By contrast, this was smooth sailing. Enthusiasm propelled me into action, and the way was simply clear by no will of my own at all.
As it happened, strong winds and a favorable current remained. Within a week, I got a call from Stanford saying they’d received and reviewed all of my records, I was indeed a candidate, and what was my timeframe for treatment because they could schedule a consultation on Monday and begin treatment on Tuesday.
Wait… What?? Aack!
Holy hell. When you get out of the way, life moves freakin’ fast!
But this was too fast.
The consultation on Monday was perfect actually, exactly what I wanted. We were already heading to the Bay Area that weekend for my brother’s wedding, and I had hoped we could hit Stanford on our way home. But the idea of beginning treatment the following day seemed crazy. We had childcare to organize, support to enlist. And that’s if we were sold on the treatment after the consultation. What if Dean found himself in a three-way tie? What if my own resonance began to fade? Even in the best of scenarios, I just couldn’t imagine saying yes one day and presenting my head for irradiation the next.
So I booked the consultation but declined immediate treatment, which Stanford was happy to accommodate.
There was nothing particularly momentous about the consultation except that it was extremely thorough and we went through the whole thing with Aidan at our side. Not my first choice for taking in complex, critical information. When we burned through the toys we’d brought and all the toys we invented out of disposable medical supplies, the Stanford staff pulled out coloring books and crayons. Still, it was challenging to stay focused on the task at hand with a two year-old trying his best not to die of boredom. Aidan really was a trooper, though, and somehow we managed to complete appointments with both the radiation specialist and the neurosurgeon.

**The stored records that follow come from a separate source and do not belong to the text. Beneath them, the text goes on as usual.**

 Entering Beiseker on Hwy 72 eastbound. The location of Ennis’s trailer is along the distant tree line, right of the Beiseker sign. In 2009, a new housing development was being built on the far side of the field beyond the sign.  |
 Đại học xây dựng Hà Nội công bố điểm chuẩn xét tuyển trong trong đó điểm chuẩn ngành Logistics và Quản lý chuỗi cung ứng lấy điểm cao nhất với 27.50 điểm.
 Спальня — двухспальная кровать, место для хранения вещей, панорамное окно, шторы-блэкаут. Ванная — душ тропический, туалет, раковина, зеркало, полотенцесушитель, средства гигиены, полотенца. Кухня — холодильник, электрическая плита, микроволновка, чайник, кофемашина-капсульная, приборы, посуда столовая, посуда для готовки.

By the time we left several hours later, my enthusiasm for radiation treatment had waned some. According to the CyberKnife experts, it wasn’t quite as rosy an option as Hopkins had made it sound. And I now understood much better how it worked.
In theory, radiation would kill the tumor, but it wouldn’t necessarily shrink it. So though I was unlikely to lose my hearing due to the treatment itself, there was the possibility that I would lose it over time on account of the tumor’s dead mass continuing to rest on the nerve. And the numbness in my face that was likely to go away if I had the tumor surgically removed might remain after radiation for the same continuation of pressure on the nerve. Still, the other plus factors were true. There would be no hospitalization, no significant recovery time, very few risks and, in most cases, few if any side effects.

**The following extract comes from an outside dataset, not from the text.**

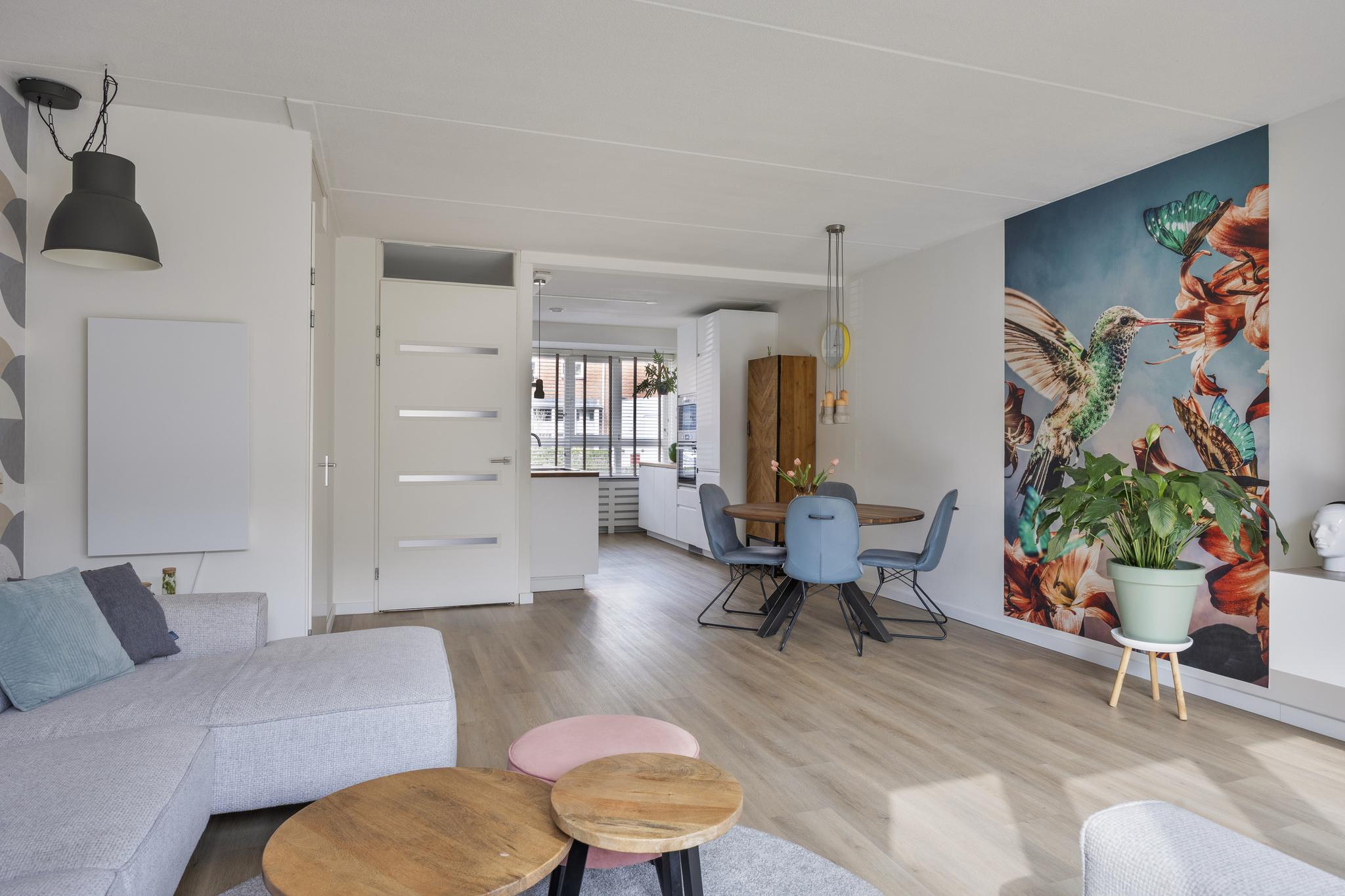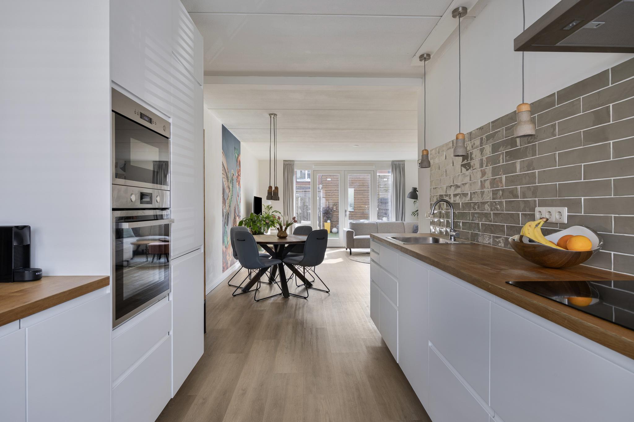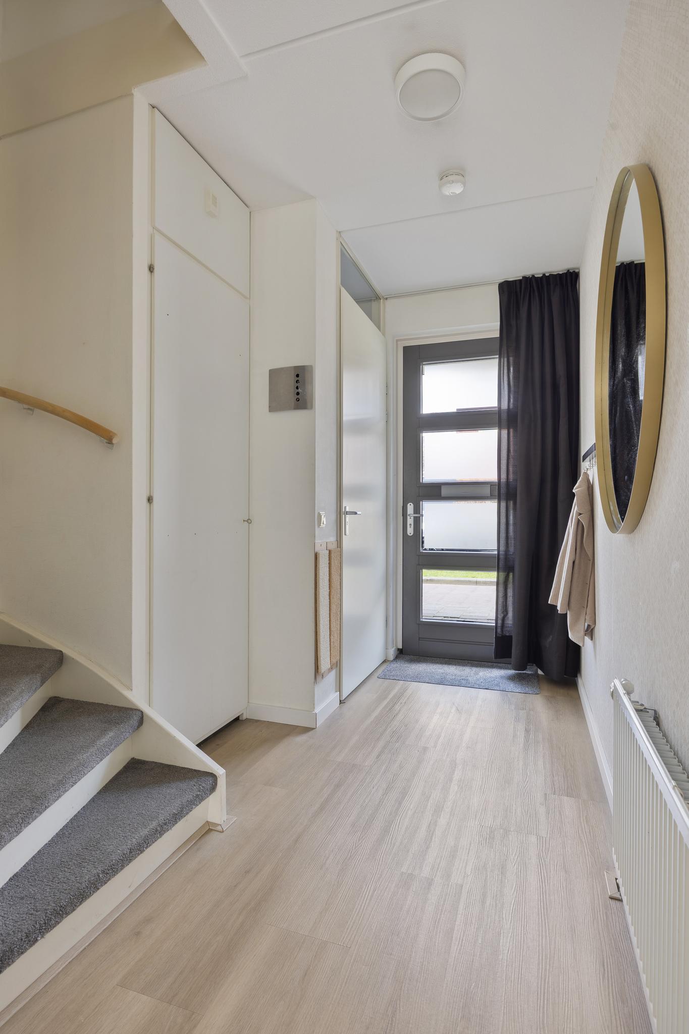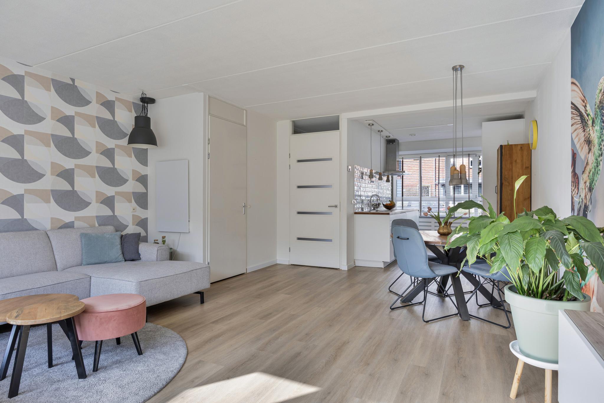 Begane grond: Entree, hal/gang, toilet met fonteintje, trapopgang met trapkast, een ruime woonkamer met moderne open keuken en openslaande deuren naar de tuin.

For Dean’s part, he was now more comfortable with the radiation idea. According to the Stanford neurosurgeon, both surgery and radiosurgery were reasonable treatment options for my tumor given its large size, but radiosurgery was recommended because of its lack of risks and side effects. Hearing that traditional surgery was a reasonable suggestion was, I think, the tie breaker Dean needed. In Stanford’s frame, both Dr. King and Dr. Tamargo could be right, which cleared the way for Dean to embrace the less risky, non-invasive option.

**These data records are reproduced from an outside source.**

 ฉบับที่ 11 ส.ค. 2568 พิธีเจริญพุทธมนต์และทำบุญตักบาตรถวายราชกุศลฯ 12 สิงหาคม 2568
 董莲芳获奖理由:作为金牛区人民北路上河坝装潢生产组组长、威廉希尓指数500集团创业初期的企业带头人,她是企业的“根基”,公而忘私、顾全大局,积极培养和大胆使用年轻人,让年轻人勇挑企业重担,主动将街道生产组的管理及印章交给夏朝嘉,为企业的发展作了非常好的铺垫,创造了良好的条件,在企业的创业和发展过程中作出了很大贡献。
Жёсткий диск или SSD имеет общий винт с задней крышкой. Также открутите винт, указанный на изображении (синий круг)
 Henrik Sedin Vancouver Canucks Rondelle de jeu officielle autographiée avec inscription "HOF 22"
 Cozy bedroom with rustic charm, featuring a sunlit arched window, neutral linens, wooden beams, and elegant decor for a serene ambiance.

But I was still if-y. Driving back to LA, my mind tried to arrange the new pieces of information into the matrix it had created before the consultation. What difference did this make to my overall desire? What did it all really mean?
Twenty-four hours later, I was settled. Radiotherapy wasn’t everything I wanted it to be, but there was no question I preferred it over traditional surgery. I called the clinic hoping to start treatment in the next few weeks. They gave me two choices: start the following week, or wait a month. Resonance vibrating loud and clear, I chose the following week. And five days later, we were flying to San Jose.